Это наиболее безопасный способ взаимодействия компьютеров в распределенной сети, когда имеется возможность полностью индивидуализировать трафик между каждой парой компьютеров и сделать его недоступным ни для кого, в том числе и для сетевых администраторов, из любой точки сети.

То есть каждый пользователь в этом случае может быть абсолютно уверен, что нигде, ни на каких промежуточных шлюзах и серверах, кроме конечной точки информация, которой он обменивается с этим конечным ресурсом, не появляется в открытом виде, не может быть подменена или модифицирована.

Одновременно, если модули VPN на компьютерах интегрированы с персональными сетевыми экранами, то можно утверждать, что обеспечивается не только безопасность информации при обмене между компьютерами, но и защищенность самих компьютеров от атак на криптографическую подсистему.

Считается, что такие системы трудны в управлении и установке и отличаются невысокой производительностью. В связи с этим такая структура VPN обычно не считается базовой, используется как вспомогательный элемент на особых критичных участках.

Очень часто такая задача решается путем перешифрования информации на промежуточных шлюзах, что, конечно, нельзя считать решением задачи, которая обсуждается в настоящей статье.

Здесь мы рассматриваем методы построения таких систем, когда поставленная задача решается весьма эффективно, с высокой масштабируемостью, без наложения ограничений и предъявления специальных дополнительных требований к сетевой инфраструктуре.

Постановка задачи

При решении данной задачи мы исходим из следующих исходных условий.

1. Задача взаимодействия компьютеров в режиме VPN должна решаться на сетевом уровне, позволяющем обеспечить любые способы сетевого взаимодействия как внутри локальной сети, так и при взаимодействии между локальными сетями, с удаленными компьютерами через общедоступные каналы и глобальные сети, включая, разумеется, Интернет.

Коммутируемые или выделенные каналы связи, сети MPLS, технологии DSL и Wireless, любые другие современные технологии, используемые при организации сетей, не должны оказывать влияние на созданную виртуальную сеть. Единственным ограничением является использование на сетевом уровне семейства протоколов IP.

2. Структура сетевой IP-адресации не должна иметь значения для виртуальной распределенной сети. Адреса могут быть доступными из глобальной сети или могут быть приватными, могут быть постоянными или выделяться по DHCP, могут пересекаться и повторяться в различных сетях. То есть на каждом компьютере, по существу, должна автоматически создаваться собственная структура IP-адресации к различным доступным узлам, не зависящая от реальных адресов компьютеров в распределенной сети.

3. Локальные сети или отдельные компьютеры могут подключаться к глобальной сети через устройства, осуществляющие преобразование адресов (NAT), например различные типы Firewall, DSL-модемы, Wireless - устройства и роутеры и т.д. То есть формат IP-пакетов, в которые производится инкапсуляция исходных IP-пакетов, должен быть понятным для различных устройств NAT.

4. Должны в полной мере поддерживаться существующие стандартные службы разрешения имен, которые используются приложениями и операционными системами различного типа, такие, как DNS, WINS, протоколы NetBIOS.

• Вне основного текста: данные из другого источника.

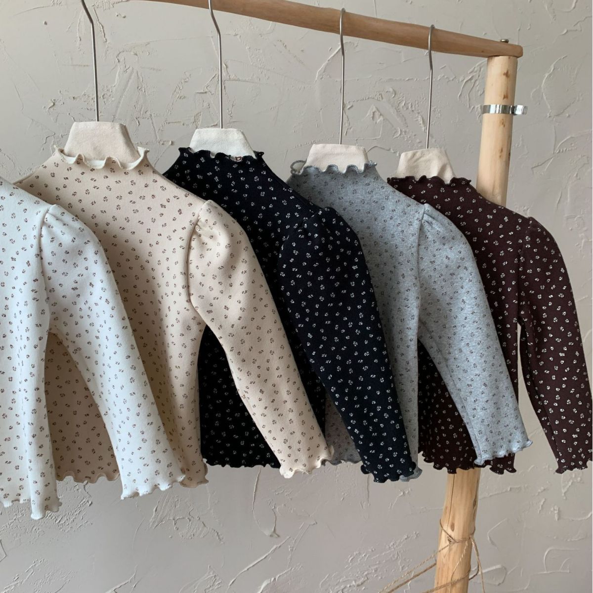 子供の底のシャツ2025春の新型韓国の長袖の底のシャツの子供の柔らかいモチとした百合の刺繍の底のシャツの上着

Сформулированные требования на самом деле означают, что наложенные на стандартную сетевую инфраструктуру средства VPN должны быть не только нечувствительны к различным типам сетевых приложений, функционирующих на компьютерах, но и создавать дополнительные возможности для их взаимодействия в сложной непрозрачной с точки зрении адресной структуры сети.

Модули VPN

Для решения поставленной задачи - обеспечение защищенного взаимодействия непосредственно между компьютерами в большой распределенной сети - в системе должны присутствовать, как минимум, 4 обязательных элемента. Для упрощения изложения рассмотрим решение данной задачи на примере конкретной VPN - системы - технологии ViPNet, стремительно развивающейся в настоящее время, в которой обсуждаемая тема реализована в полном объеме.

Центр управления сетью (ЦУС)

Поскольку мы ведем речь о корпоративной сети, то роль этого элемента весьма важна. В центре управления сетью производится регистрация объекта сети, присвоение ему уникального идентификатора, определение допустимых связей между взаимодействующими объектами, определение полномочий пользователей, установление взаимодействия с Центрами управления других виртуальных сетей и многие другие действия, связанные с первичной организацией сети и поддержкой ее функционирования.

Ключевой и удостоверяющий центр сети

Этот элемент сети создает всю ключевую инфраструктуру виртуальной сети на базе справочников связей, созданных в ЦУС, а также выполняет функции удостоверяющего центра для абонентов сети, зарегистрированных на объектах сети.

При создании в ЦУС каждого объекта сети, имеющего уникальный идентификатор, формируется ключевой дистрибутив для него, который однозначно идентифицирует этот объект в сети и делает его уникальным. Всем другим действующим объектам сети, с которыми новому объекту сети установили связи через ЦУС, рассылается соответствующая ключевая информация.

При установлении связей с объектами других виртуальных сетей информация о заданных связях высылается в соответствующий ЦУС и ключевой центр, где независимым образом формируется и рассылается необходимая ключевая информация для своих объектов. Генерация ключевой информации в каждой сети осуществляется на основании межсетевых мастер-ключей, которыми обменялись ключевые центры разных сетей на начальном этапе организации межсетевого взаимодействия.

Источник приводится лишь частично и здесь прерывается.